What is expected
Give again, word for word, every line below from the one that has "Мужской спортивный костюм" through the one that has "notification drawer 에", both included, and no others.

Records provided
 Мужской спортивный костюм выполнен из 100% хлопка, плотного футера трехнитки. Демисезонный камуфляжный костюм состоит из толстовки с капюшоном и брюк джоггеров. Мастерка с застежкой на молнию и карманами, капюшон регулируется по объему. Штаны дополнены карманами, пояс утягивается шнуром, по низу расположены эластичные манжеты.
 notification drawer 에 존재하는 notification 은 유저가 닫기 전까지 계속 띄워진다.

...

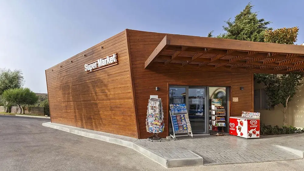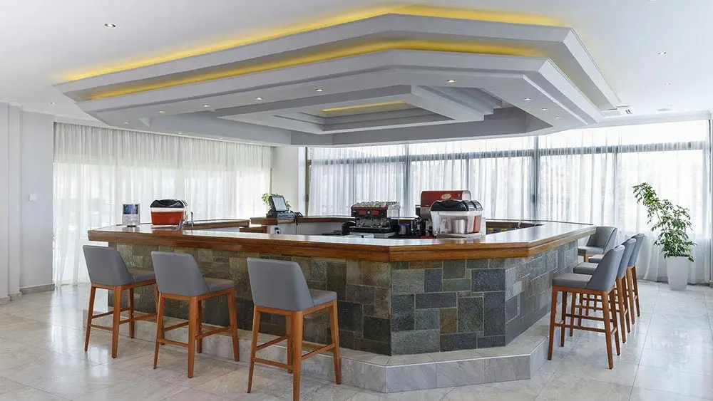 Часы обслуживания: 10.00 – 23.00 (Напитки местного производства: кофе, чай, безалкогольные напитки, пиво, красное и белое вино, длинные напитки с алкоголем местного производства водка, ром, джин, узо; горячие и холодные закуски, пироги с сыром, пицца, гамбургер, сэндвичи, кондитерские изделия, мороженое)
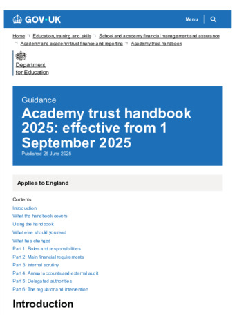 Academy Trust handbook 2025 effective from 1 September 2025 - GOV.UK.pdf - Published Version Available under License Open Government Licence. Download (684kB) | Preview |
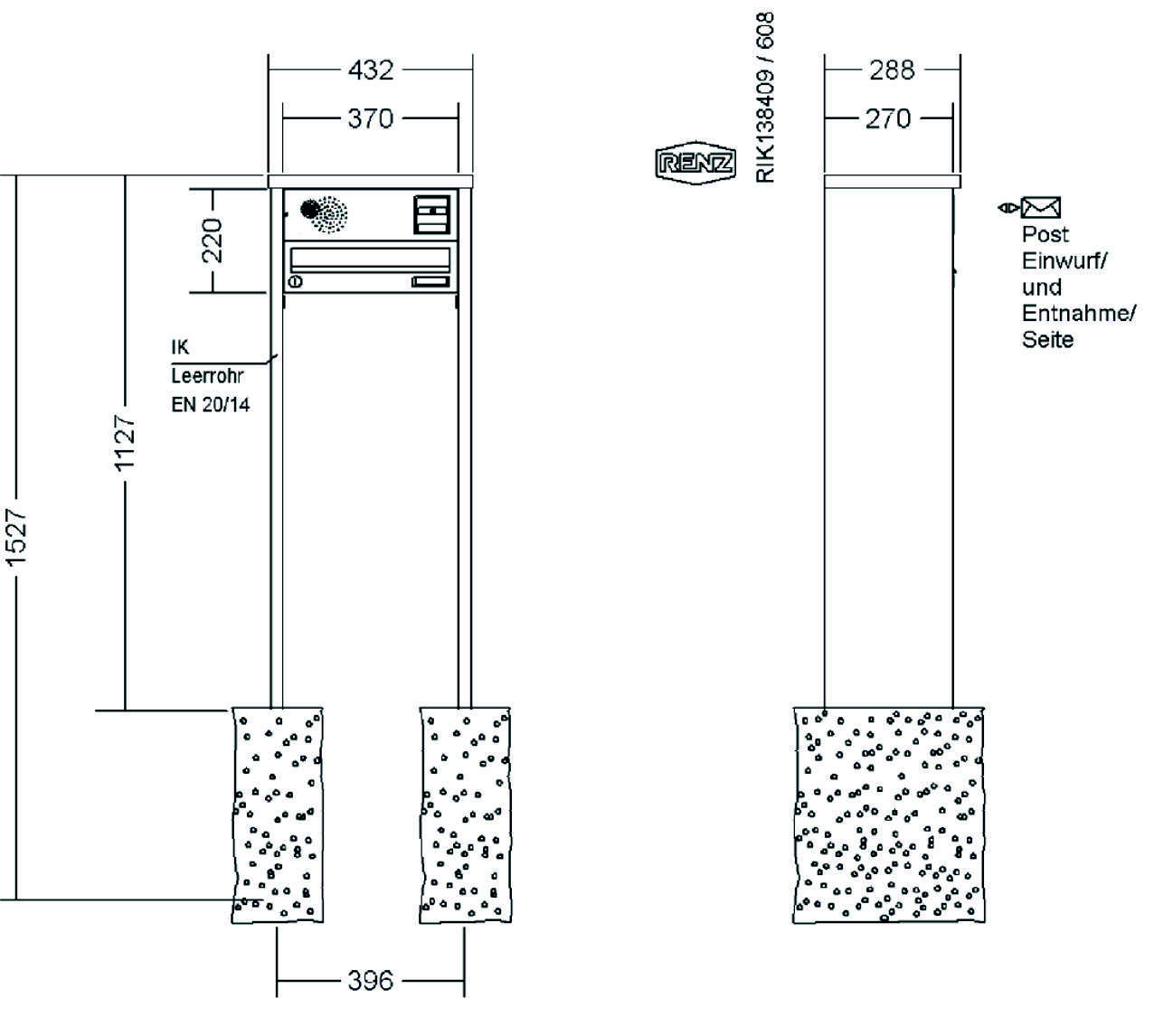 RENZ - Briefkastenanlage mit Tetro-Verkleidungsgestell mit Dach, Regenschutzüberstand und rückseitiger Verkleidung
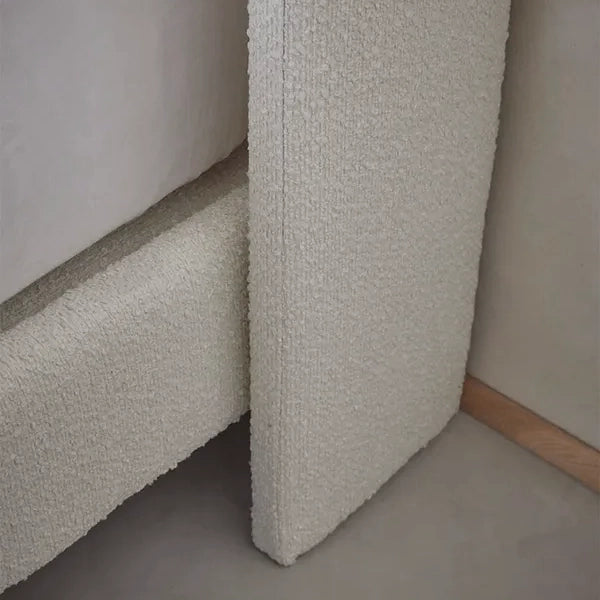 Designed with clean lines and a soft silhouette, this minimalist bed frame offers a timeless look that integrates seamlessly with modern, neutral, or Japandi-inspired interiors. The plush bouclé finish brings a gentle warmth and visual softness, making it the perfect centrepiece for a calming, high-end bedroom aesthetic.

Result
 Мужской спортивный костюм выполнен из 100% хлопка, плотного футера трехнитки. Демисезонный камуфляжный костюм состоит из толстовки с капюшоном и брюк джоггеров. Мастерка с застежкой на молнию и карманами, капюшон регулируется по объему. Штаны дополнены карманами, пояс утягивается шнуром, по низу расположены эластичные манжеты.
 notification drawer 에 존재하는 notification 은 유저가 닫기 전까지 계속 띄워진다.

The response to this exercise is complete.